The job isn't to develop talent for the pros. It's to develop men for life, and if some of them happen to go pro, all the better.
“[College soccer] gets a tough rap, but if you are like my father and you are an educator -- and I have to try and emulate that -- well, I'm working with special, smart kids who want to get better,” Jamie said. “Now whether they're the very top-tier kids or the second-tier kids, my job is not going to change. It's to make that group as good as possible .... I don't see myself wanting to move [away from college soccer] anytime soon. I think it's too fun and too great of an age [to work with].”
More than half of MLS' head coaches played college soccer. It has generated players for decades. So did nearly every national team standout before Landon Donovan and DaMarcus Beasley.
Clark has helped dozens of players get to the pros, including Matt Besler, Harry Shipp, Justin Morrow and Dillon Powers at Notre Dame, and Ryan Nelsen, Simon Elliott and Todd Dunivant at Stanford. His son coached Ethan Finlay at Creighton and Cristian Roldan at Washington. Besler, Morrow and Roldan are on the United States' roster for the upcoming CONCACAF Gold Cup.
“Obviously, we're getting fewer top-end players [in college soccer since the academy system evolved], so I think we should be getting greater plaudits for what we're doing,” Jamie said. “I think our value to U.S. Soccer should be increasing. Over the last 10 years, somewhere between 10 and 30 guys a year haven't even been touching college soccer. Your top 2 percent that are supposed to be special guys aren't going to college.”
It's the players another level down -- the Besler and Dunivant types -- who might not make it without college soccer.
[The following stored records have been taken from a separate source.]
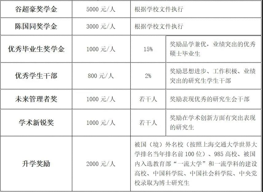 新入学的全日制非定向硕士研究生,文科类研究生每年可获得奖助学金不少于16500元,理工科研究生每年不少于18000元。每年获得奖助学金最高的可超过46000元。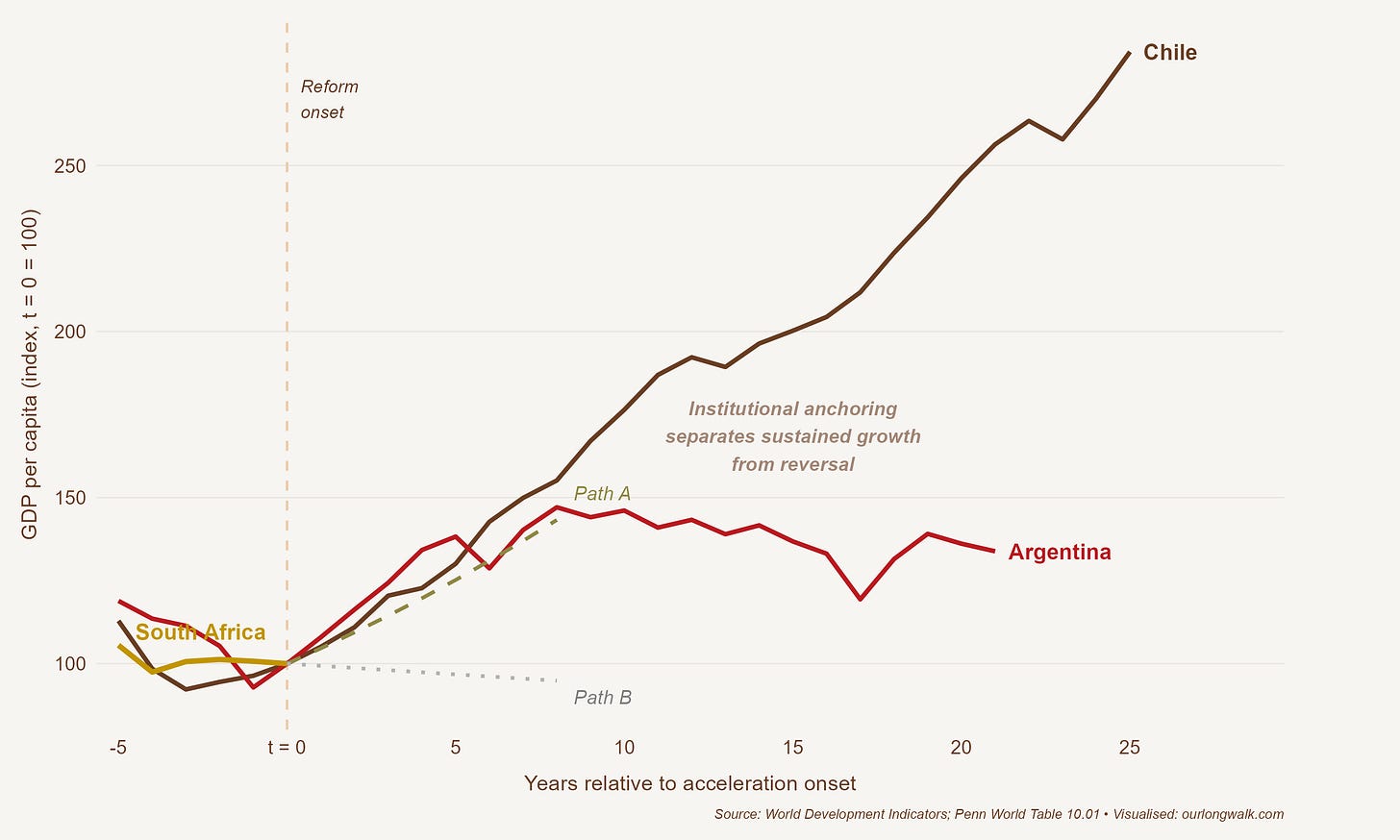 The figure below shows the fork. Chile sustained its growth for two decades; Argentina reversed. South Africa is right there, at the point where the paths diverge.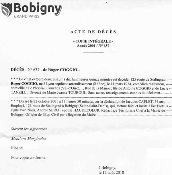 2001 Acte de décès (Bobigny, France)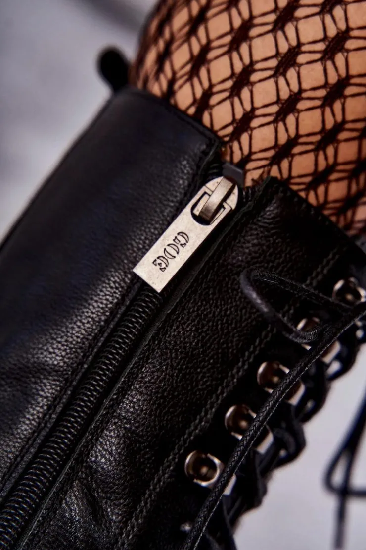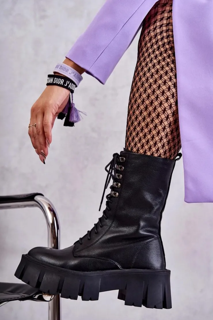 Świetne, wysokie botki damskie od marki GOE to MUST HAVE tego sezonu! Wykonane z naturalnej skóry z usztywnianym zapiętkiem. Model ten jest sznurowany oraz zapinany z boku cholewki na suwak. Buty zostały osadzone na płaskim obcasie i masywnej platformie. Niezwykle stabilny model. Posiadają ocieplenie w postaci koca obuwniczego. Wkładka wykonana z eko skóry jest miękka i wygodna. Przy wyborze rozmiaru prosimy sugerować się tabelą rozmiarów.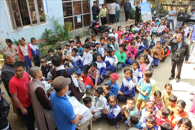 Sáng ngày 15.03.2014 (15.02 Giáp Ngọ), nhân Lễ kỷ niệm ngày Đức Thế Tôn nhập Niết bàn, với tinh thần phụng sự chúng sanh tức cúng dường chư Phật, Đại đức Thích Minh Nhật, trú trì tịnh thất Quảng Duyên, cùng quý Phật tử các quận huyện TP. HCM, Bình Định, Quảng Ngãi, Nghệ An, Hà Nội, đã dành nhiều thời gian quý báu, để về thăm và tặng quà tại huyện vùng sâu vùng xa A Lưới với số tịnh tài, tịnh vật tổng giá trị hơn 80 triệu đồng tại xã Hồng Thủy, Hồng Vân, huyện A Lưới, tỉnh Thừa Thiên Huế, nhằm chia sẻ niềm đau nổi khổ với đồng bào cũng như các em học sinh có hoàn cảnh khó khăn.

They are good players with outstanding character and drive.
“If it grows to 50 or 100 [skipping college each year], I think we're actually going to have more value,” Jamie Clark said. “No matter how many they take away, I actually think you're going to see it not changing in terms of the right-character guys who work and learn and are smart and are going to keep coming through the college system and be very good.
“I think our role in developing the next [Christian] Pulisic will be limited, because that guy should be in Germany, and that's clear for everyone. But when it comes to developing the next Steve Birnbaum or the next Cristian Roldan, college soccer will be valuable. If U.S. Soccer loses out on our development model, they're going to shrink their net, of players they can look at, by, I don't know, hundreds each year.”
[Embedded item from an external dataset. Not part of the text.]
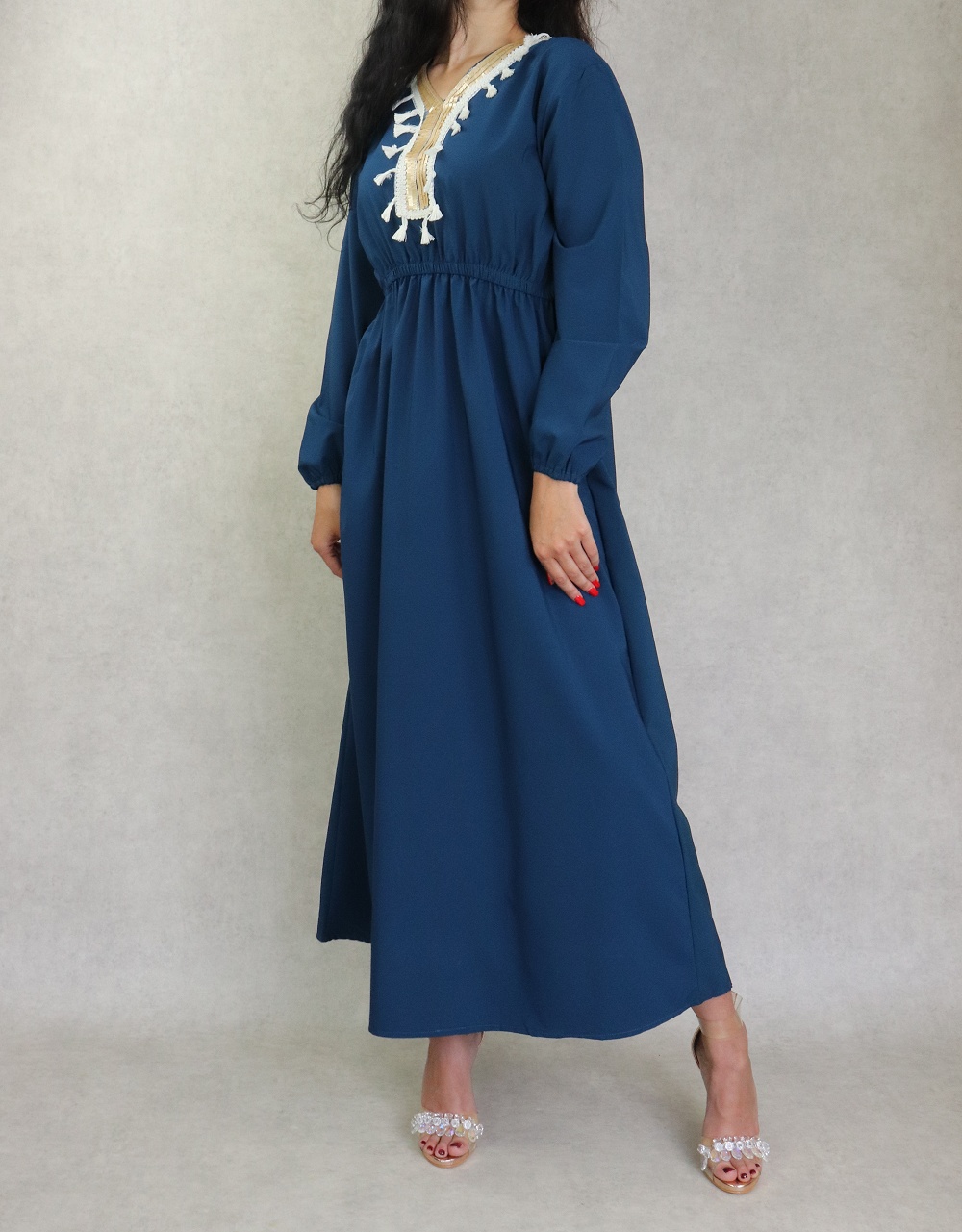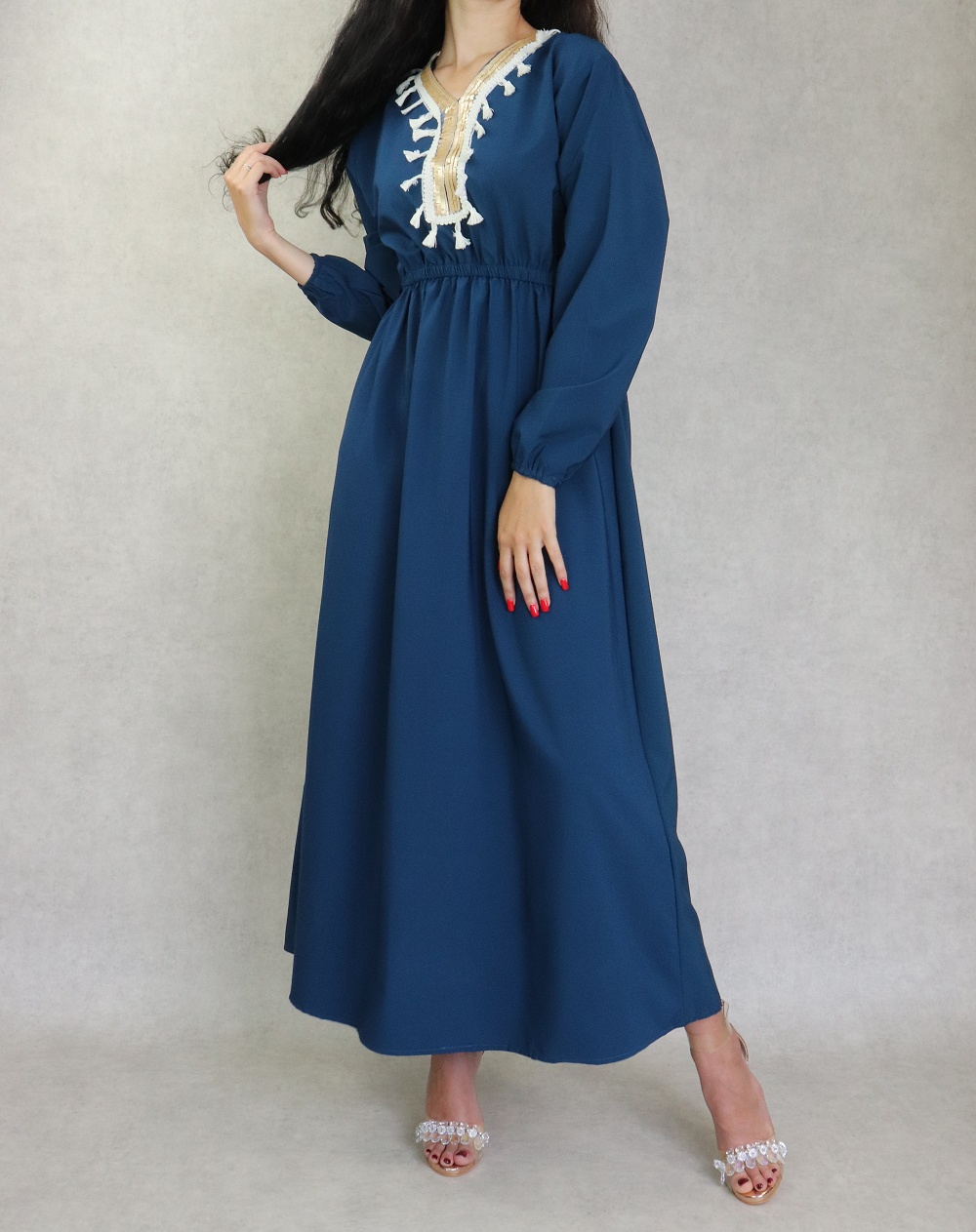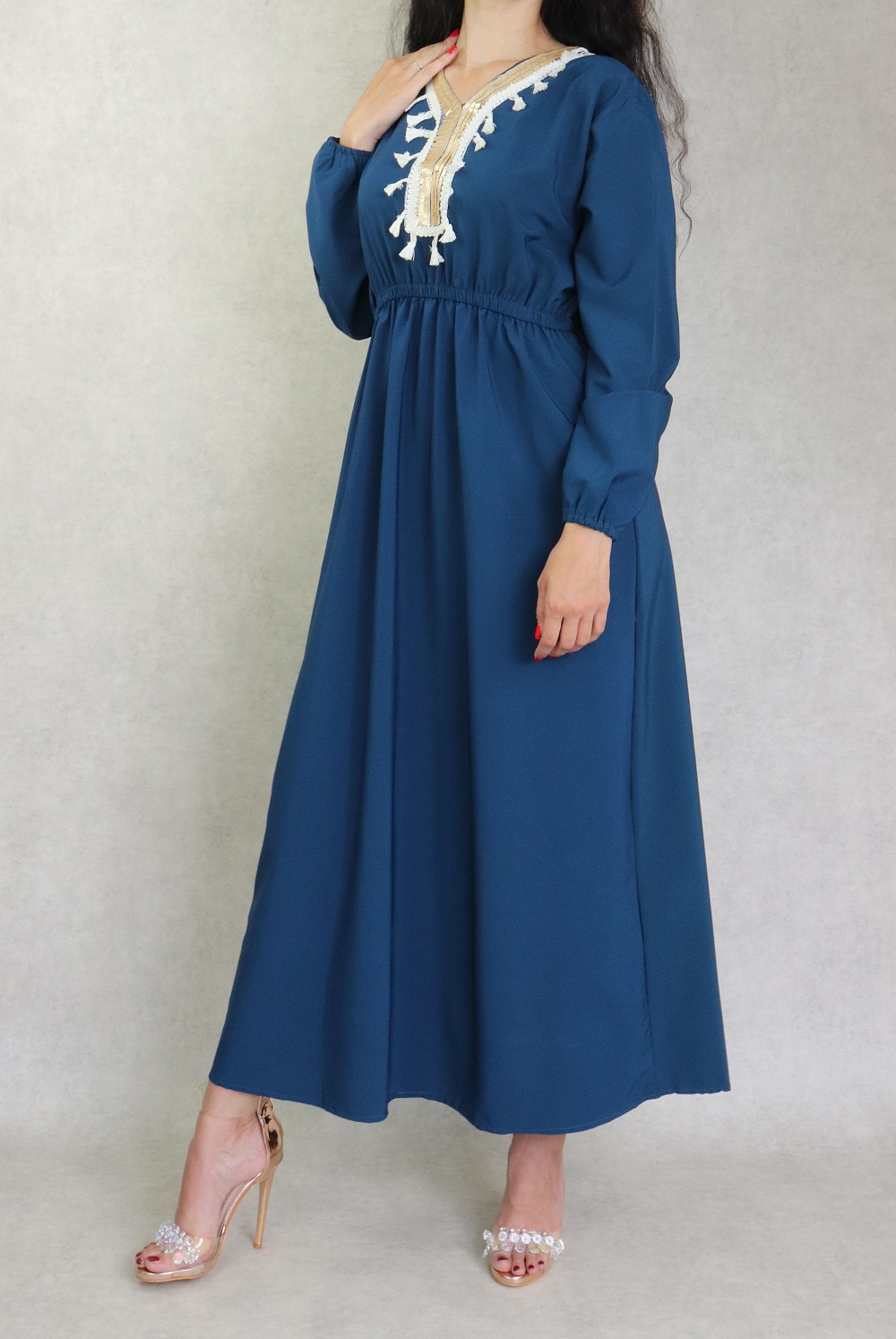 Robe longue féminine avec décoration écailles dorées et pompons - Couleur Bleu Vetement & Accessoire

Clark aims to prepare such players, and prepare others for their futures outside of the game. That, he finds, is more rewarding than building a winning MLS program would be.
He's one of the best at it, and everybody in the game recognizes that.
“I've been called many things, some good and some bad,” Clark said. “I think [when they call me a legend], they're telling me I'm getting old, very old.”